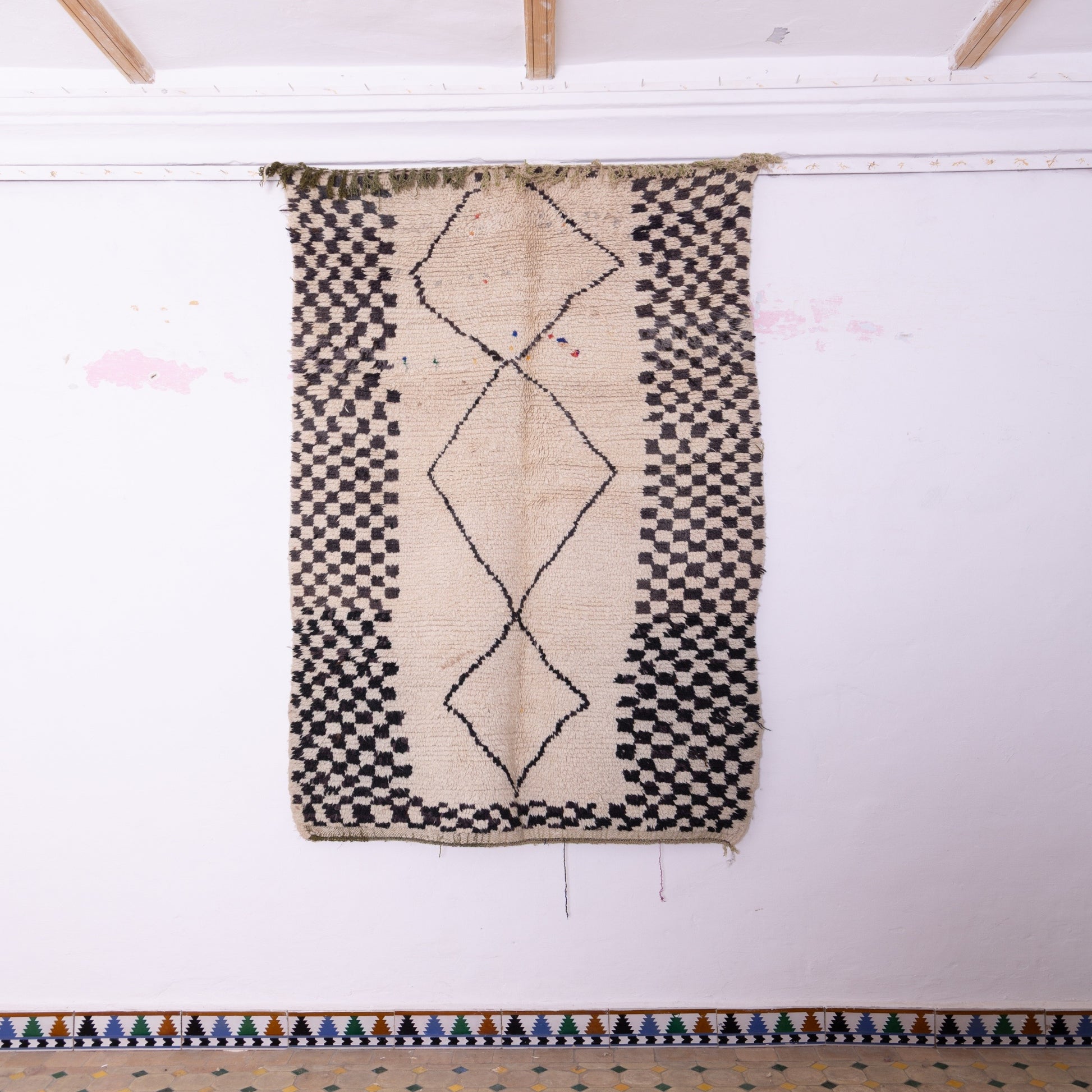 This striking vintage Azilal rug is an authentic Berber textile handwoven from 100% natural wool by skilled artisans in Morocco's Atlas Mountains.
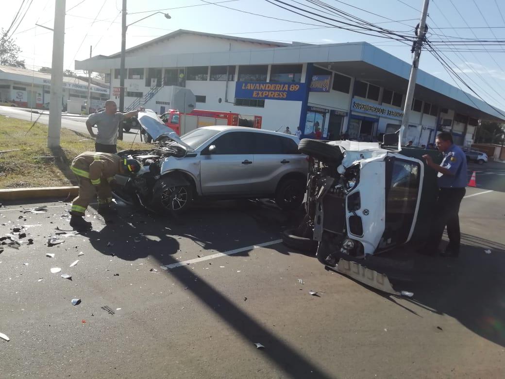 El hecho de tránsito tipo colisión y vuelco se produjo en el cruce frente a la entrada del Centro Femenino de Los Algarrobos, entre el vehículo, tipo camioneta, marca Susuki Vitara BP5741, y el vehículo, tipo pick up, con placa BC6384, el cual quedó volcado producto del impacto que recibió.
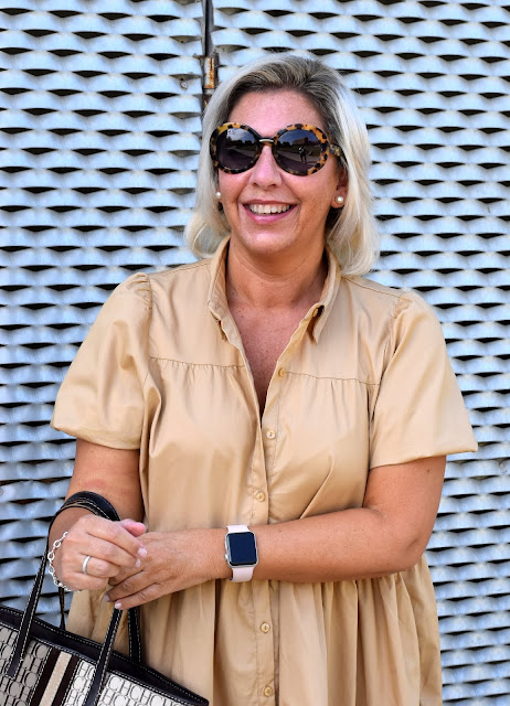 Hoy os muestro un look en el que el protagonista es un vestido con volumen en color tostado; el estilismo es de la semana pasada, ya que llevamos varios días con mucho aire y bastante frío para la época en la que estamos, no he podido publicarlo antes, os lo mostraré en otro outfit más otoñal, simplemente cambiandole los complementos.
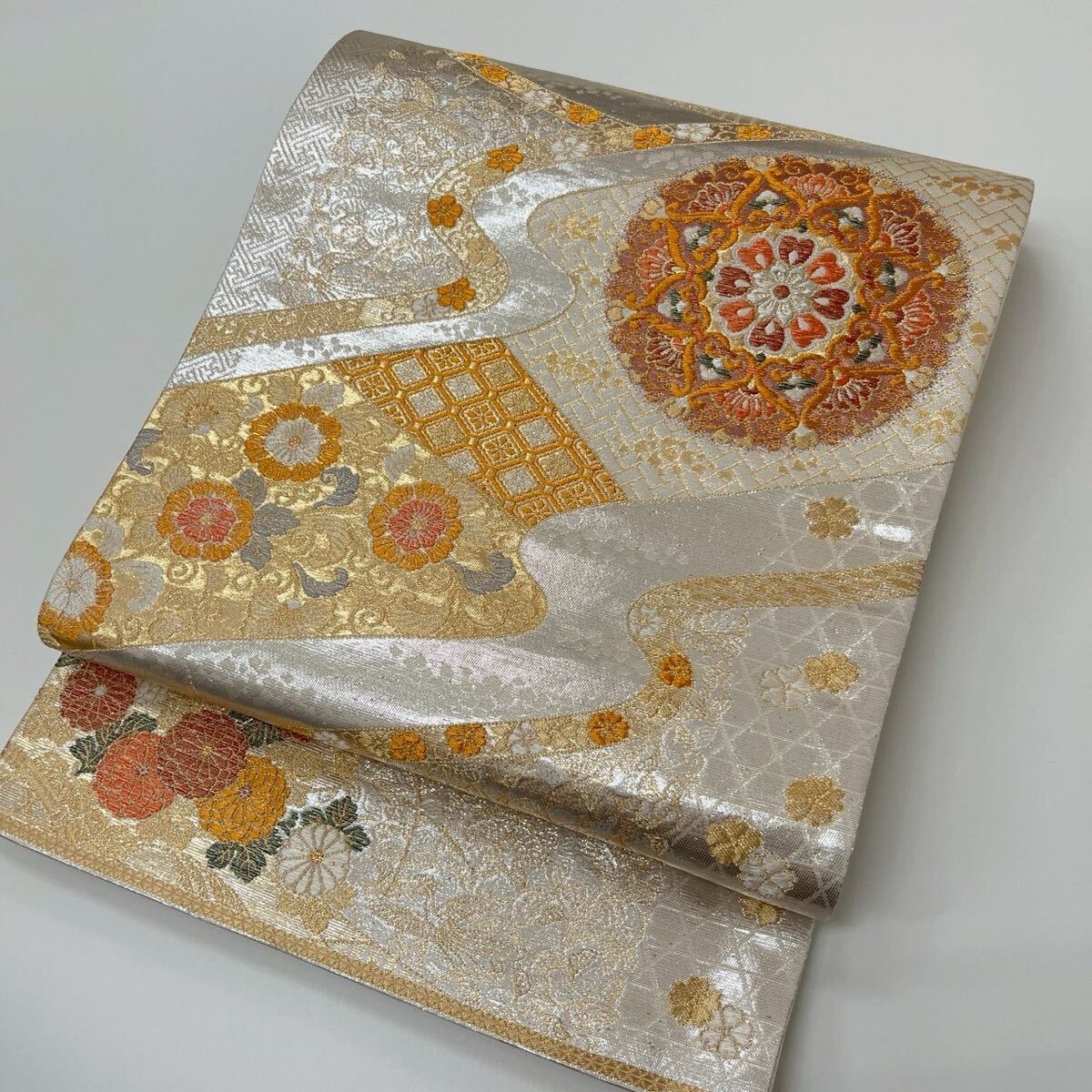 - 袋帯 正倉院文様 金彩 美しい花 正絹 W-2884
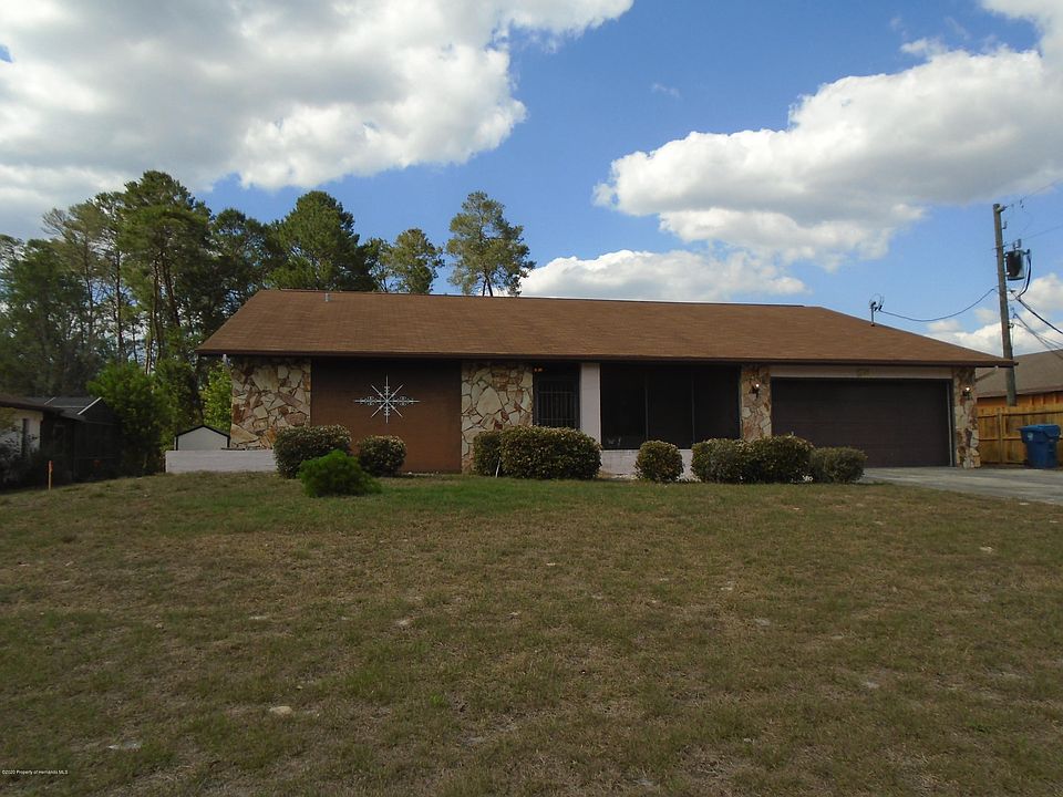 Nice, clean and spacious 3 bedrooms (each bedroom has walk in closets, master with 2), 2 full baths and 2 car garage. Unbelievable living space and closet space in this clean home. Screen enclosed lanai in the front and rear. Large kitchen complete with center island and overlooking the family room with built in shelving. Inside laundry room. Garage with work shop cabinets. Located close to all amenities including the bus line and 10 minute drive to the Bay. Walking distance to the Mermaid State Park and kayaking down the river. Available for more than just an annual lease. Also lease option available. Call for details.
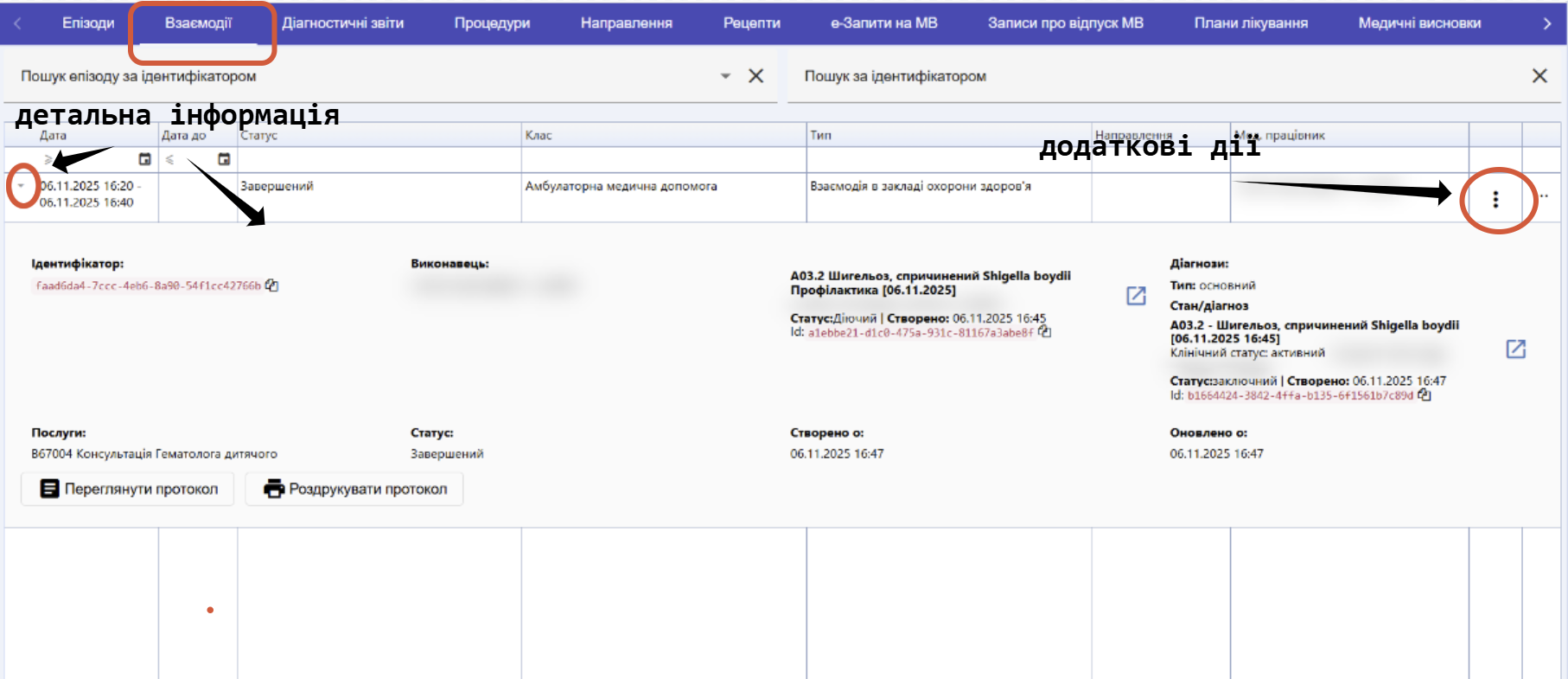 в картці пацієнта, лікар може переглянути усі доступні йому взаємодії з пацієнтом, шукати за ідентифікатором взаємодії, епізоду, переглядати детальну іфнормацію по взаємодії
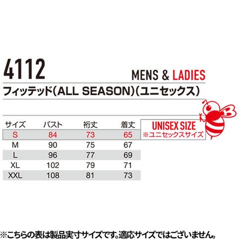 | ※Sはユニセックスサイズです |

▬▬▬▬▬▬

» Work order
Without the pictures, copy all of the entries exactly as they appear.

» Task response
 This striking vintage Azilal rug is an authentic Berber textile handwoven from 100% natural wool by skilled artisans in Morocco's Atlas Mountains.
 El hecho de tránsito tipo colisión y vuelco se produjo en el cruce frente a la entrada del Centro Femenino de Los Algarrobos, entre el vehículo, tipo camioneta, marca Susuki Vitara BP5741, y el vehículo, tipo pick up, con placa BC6384, el cual quedó volcado producto del impacto que recibió.
 Hoy os muestro un look en el que el protagonista es un vestido con volumen en color tostado; el estilismo es de la semana pasada, ya que llevamos varios días con mucho aire y bastante frío para la época en la que estamos, no he podido publicarlo antes, os lo mostraré en otro outfit más otoñal, simplemente cambiandole los complementos.
 - 袋帯 正倉院文様 金彩 美しい花 正絹 W-2884
 Nice, clean and spacious 3 bedrooms (each bedroom has walk in closets, master with 2), 2 full baths and 2 car garage. Unbelievable living space and closet space in this clean home. Screen enclosed lanai in the front and rear. Large kitchen complete with center island and overlooking the family room with built in shelving. Inside laundry room. Garage with work shop cabinets. Located close to all amenities including the bus line and 10 minute drive to the Bay. Walking distance to the Mermaid State Park and kayaking down the river. Available for more than just an annual lease. Also lease option available. Call for details.
 в картці пацієнта, лікар може переглянути усі доступні йому взаємодії з пацієнтом, шукати за ідентифікатором взаємодії, епізоду, переглядати детальну іфнормацію по взаємодії
 | ※Sはユニセックスサイズです |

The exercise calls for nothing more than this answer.